Synapse Group, Inc. is a multichannel marketing company.  Synapse is also the largest consumer magazine distributor in the United States, with access to over 700 magazine titles from all the major publishers (including Hearst Corporation, Condé Nast Publications, Meredith Corporation, and Time Inc.).  Synapse attracts subscribers for these publications by working through a number of non-traditional marketing channels, including credit card issuers, catalog companies, and airline frequent-flyer programs.

History
Synapse Group began in 1991 as NewSub Magazine Service LLC.  Founded by Jay S. Walker (who developed Priceline.com) and Michael Loeb, the company began by marketing fixed-term magazine subscriptions through credit card companies.  Over the years, NewSub expanded its marketing channels to include retailers, airlines, catalogers, and dot-com companies.  In the year 2000, the company changed its name to Synapse Group, Inc.

Continuous Service System
In 1996, NewSub introduced their Continuous Subscription Service system, which would automatically renew subscriptions.  The company applied for a patent, which was granted in 2000 to Michael Loeb and Synapse Group, Inc. for "a system for providing an open-ended subscription to commodity items normally available on a term basis includes a central agent that serves as the front-end for commodity suppliers. This central agent maintains databases containing information associated with a group of commodity items and their sales. Using these databases, the central agent produces subscription records to provide open-ended subscription services to its customers, while supporting the term-based subscriptions of the commodity suppliers."

Acquisition by Time Inc.
In 2000, Time Inc. made its first equity investment in Synapse Group, starting a partnership that would ultimately culminate with the outright purchase of Synapse in 2006.  In a 2000 press release from Time Warner, Jeremy Koch (who was Consumer Marketing President at the time) explained, "The marketing of consumer magazines is undergoing substantial change.  Our relationship with Synapse is an important part of Time Inc.'s strategy to support the expansion of new and innovative marketing methods."

Acquisition of Bizrate Insights
In 2016, Synapse Group acquired Bizrate Insights.

Acquisition of Magazine Discount Center
In 2016, Synapse Group acquired Magazine Discount Center.

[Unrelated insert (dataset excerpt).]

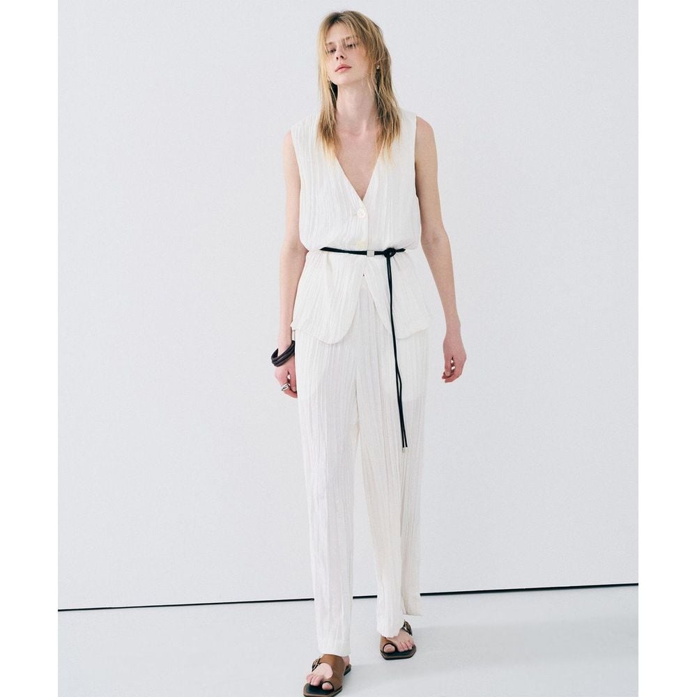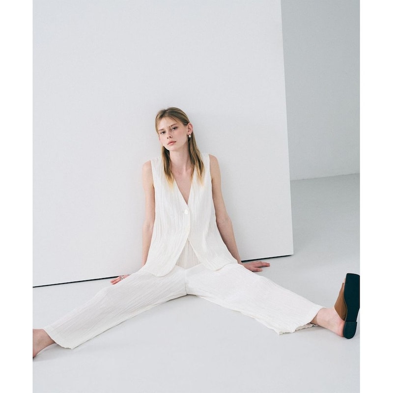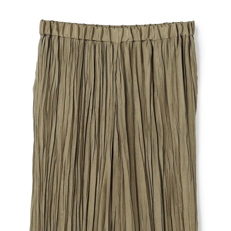 プリーツの施された素材は裁断や縫製が難しく、敬遠されがちな中uncraveではデザインとして取り入れました。存在感のある素材の為、ウエストはゴム仕様で軽やかなイージーパンツに。
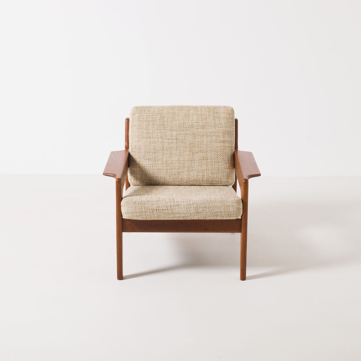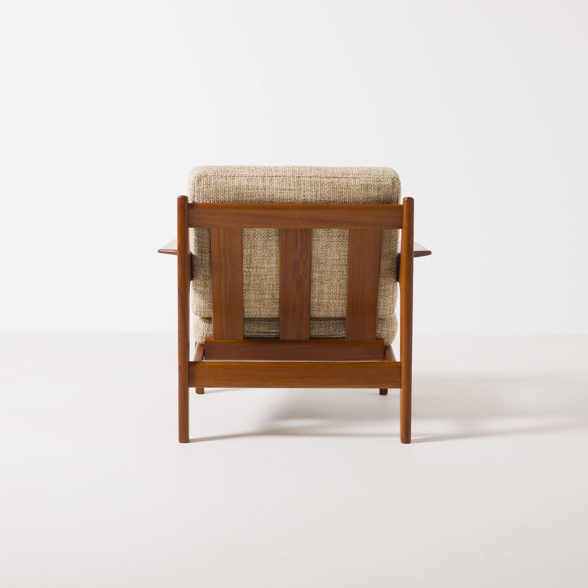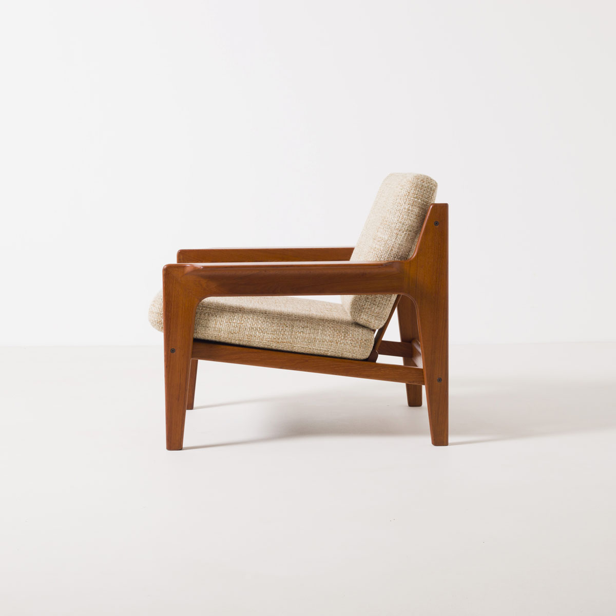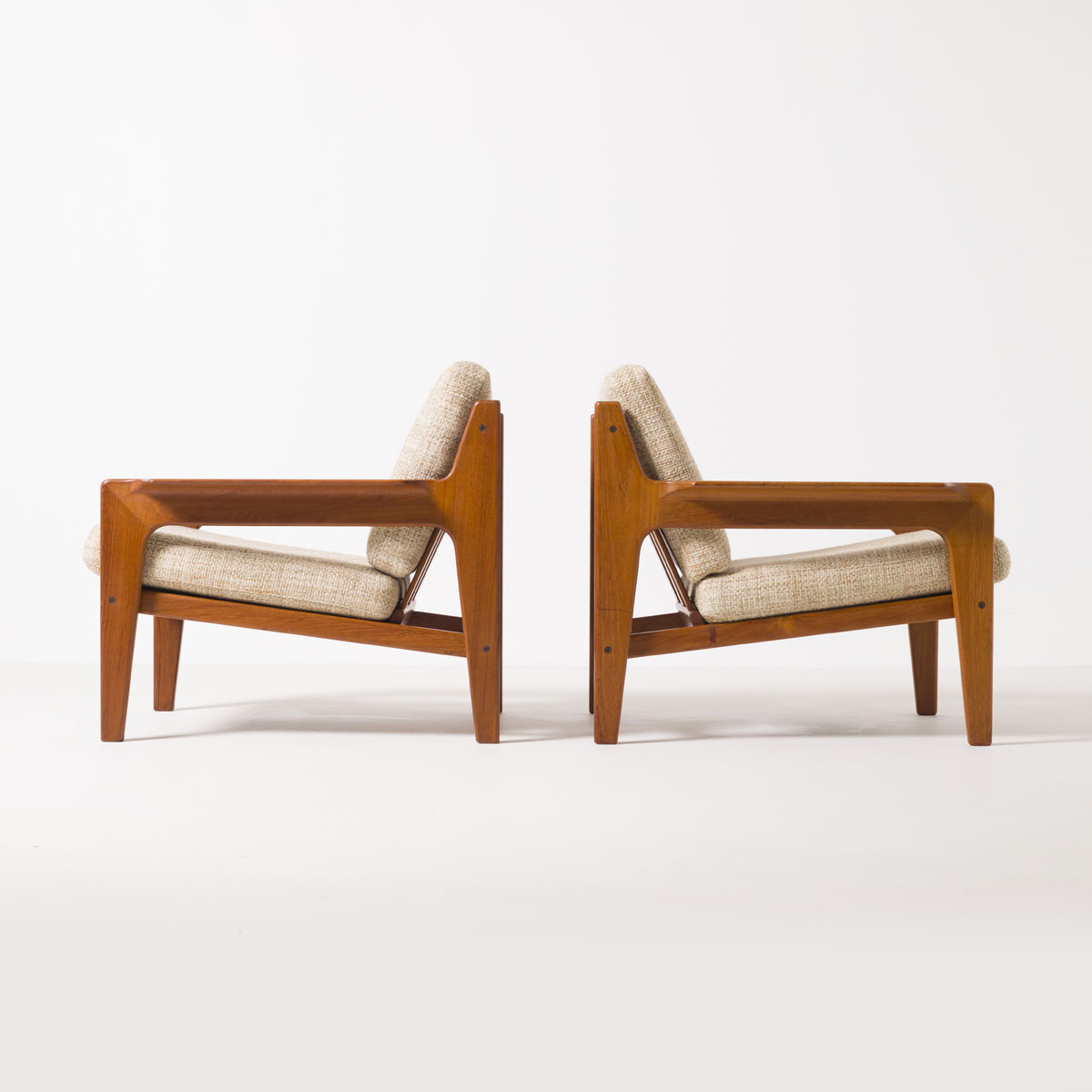 Konstrukcja oparta jest na litej ramie z drewna tekowego, materiału charakterystycznego dla skandynawskiego designu tamtej dekady, cenionego za stabilność wymiarową, odporność oraz głęboką, naturalną barwę. Geometria foteli jest wyważona i podporządkowana ergonomii. Szerokie podłokietniki oraz lekko cofnięte oparcie wskazują na projekt świadomie pomyślany jako mebel wypoczynkowy.

Acquisition of Stop, Breathe & Think and Re-branding to MyLife
In 2019, Synapse Group acquired Stop, Breathe & Think, a mindfulness mobile app.
In May 2020, the app was re-branded as MyLife.

Operations
Synapse Group is headquartered at 225 High Ridge Road in Stamford, Connecticut.  The company employs over 250 people and has revenues of $400 million.

Divisions
 Elite Traveler Awards was founded in 1995 as CAP (Customer Appreciation Program) Systems to develop affinity marketing strategies for frequent flyer and other customer reward programs.  Members may elect to redeem their frequent flyer miles or other points for subscriptions to traditional print or electronic magazines.  Since the program was implemented, an estimated 100 billion frequent flyer miles have been redeemed for magazine subscriptions. But by early 2022, the number of magazines they offered was trimmed dramatically, to less than a dozen choices.
 Magazine Direct, a program introduced in 1998, offers magazine subscriptions to DRTV and catalog customers when they call to place orders.
 SynapseConnect, Inc. is the e-commerce subsidiary of Synapse Group.  The company has developed a number of internet-marketing strategies that attempt to use Synapse's offline marketing strength to leverage online sales.  Some of its properties include FreeBizMag.com, which launched in 2000 and was the first third-party subscription service for trade publications.
 MyLife, formerly known as Stop, Breathe & Think, is a mindfulness app that provides meditation exercises tailored to how a person responds to questions on their current emotional state. The app was created by two women, Jamie Price and Julie Campistron, who both had positive experiences with mindfulness in dealing with occupational burnout.  Much of the app content is free. The app was listed as a Top 10 Alexa Skill in 2019, and mentioned by Healthline.com as one of the best meditation apps of 2019.

Service Marks
Synapse Group has used a number of service marks over time in association with particular business channels, both for direct sales projects as well as with partner services.  These marks include:  Synapse Group Inc., Newsub Services, Synapse Solutions, Synapse Retail Ventures, and Magazine Rewards Center.  These names often appear on customers' credit card statements for the company's subscription service charges.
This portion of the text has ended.